Last week saw retail traders take on institutional hedge funds which, in the case of several funds, quickly became a battle for survival against an unprecedented targeting of their short positions in some US stocks. Organising on Reddit and other online message boards, these retail traders focussed their co-ordinated buying volumes on stocks with normally low daily trading volumes and high short interest (a short is when an institutional investor takes a position to benefit from a decline in the share price of a company).
If a hedge fund is short and the stock price rises, this can force the fund to ‘cover’ their short, which involves buying the stock back, further pushing the price up, forcing other short investors to cover, pushing the price up even more. This cycle is called a ‘short squeeze’ and last week saw a coordinated attack on short investors to generate short squeezes in a number of usually low-profile stocks.
GameStop Corp (an otherwise non-descript video game retailer) was one of these targets. Initially the attack worked, forcing funds to unwind short positions and pushing the share price up +138% on Wednesday. This was followed by a 44% decline on Thursday, as some retail investors took profits and new shorts were opened by other institutional funds joining the fight, forcing the price down. At the time of writing (Friday morning) the stock is expected to open the trading session +61%, another blow to the shorts. This extraordinary pattern of trading was mirrored in other stocks last week as the conflict between institutional short sellers and insurgent retail traders spreads.
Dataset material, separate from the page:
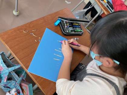 最初は、「え〜。怖い...」とおどおどしながら彫刻刀を持っていた子供たち。

As interesting as this is to follow, it is also something we at Dominion are avoiding, and we would advise the same for all investors. Speculative trading is just what it sounds like, speculation, a highly risky activity and a distant relation to stock investing.
Pick your battles. This is a fight we are steering well clear of.
Upgrades to (Some) Global Growth
Last Wednesday, we saw a major upgrade to the IMF’s World Economic Outlook. It now sees the global economy growing by +5.5% in 2021 (a 0.3% upgrade from October’s forecast) and +4.2% in 2022. In the US, it sees growth hitting +5.1% this year (a 2% upgrade) while China is expected to grow by +8.1% (largely unchanged). Commenting on these new estimates, the IMF noted it expects the US economy to surpass pre-pandemic levels in 2021, and that China passed this benchmark in Q4 2020. The IMF’s GDP forecasts are not known for having a positive bias, so this upgrade is significant. However, if the IMF is feeling more positive about the world as a whole, it is feeling less positive about Europe. It now expects growth on the continent to come in at +4.2% this year (a 1% downgrade) and it doesn’t see it returning to pre-pandemic levels until the end of 2022.